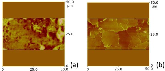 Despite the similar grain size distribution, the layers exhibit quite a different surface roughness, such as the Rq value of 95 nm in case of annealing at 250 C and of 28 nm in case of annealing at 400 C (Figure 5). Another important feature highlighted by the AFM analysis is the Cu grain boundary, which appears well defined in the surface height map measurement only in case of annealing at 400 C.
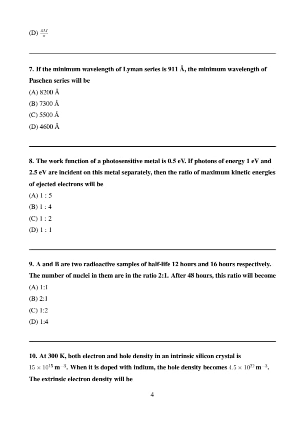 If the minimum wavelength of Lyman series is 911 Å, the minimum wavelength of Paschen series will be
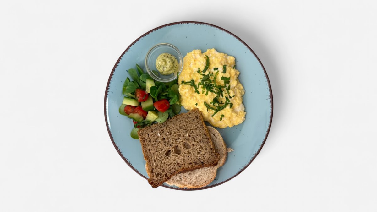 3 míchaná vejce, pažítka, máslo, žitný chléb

==

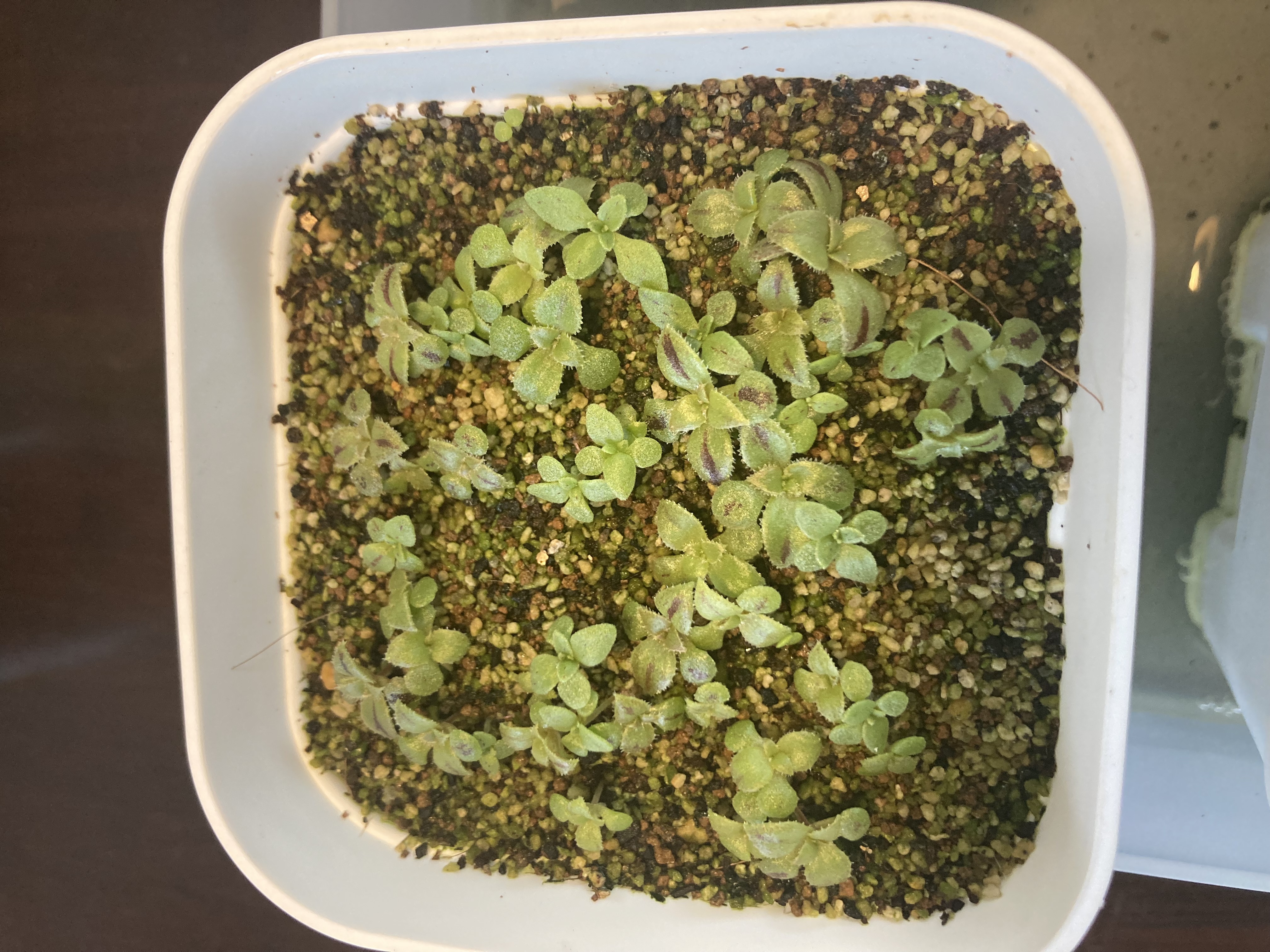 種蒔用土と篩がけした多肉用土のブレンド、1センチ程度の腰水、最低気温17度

WORK REQUEST -
What you write must match the listing exactly, from the line with "Despite the similar" up to and including the line with "3 míchaná vejce, pažítka, máslo, žitný chléb". Pictures stay out.

WRITTEN REPLY -
 Despite the similar grain size distribution, the layers exhibit quite a different surface roughness, such as the Rq value of 95 nm in case of annealing at 250 C and of 28 nm in case of annealing at 400 C (Figure 5). Another important feature highlighted by the AFM analysis is the Cu grain boundary, which appears well defined in the surface height map measurement only in case of annealing at 400 C.
 If the minimum wavelength of Lyman series is 911 Å, the minimum wavelength of Paschen series will be
 3 míchaná vejce, pažítka, máslo, žitný chléb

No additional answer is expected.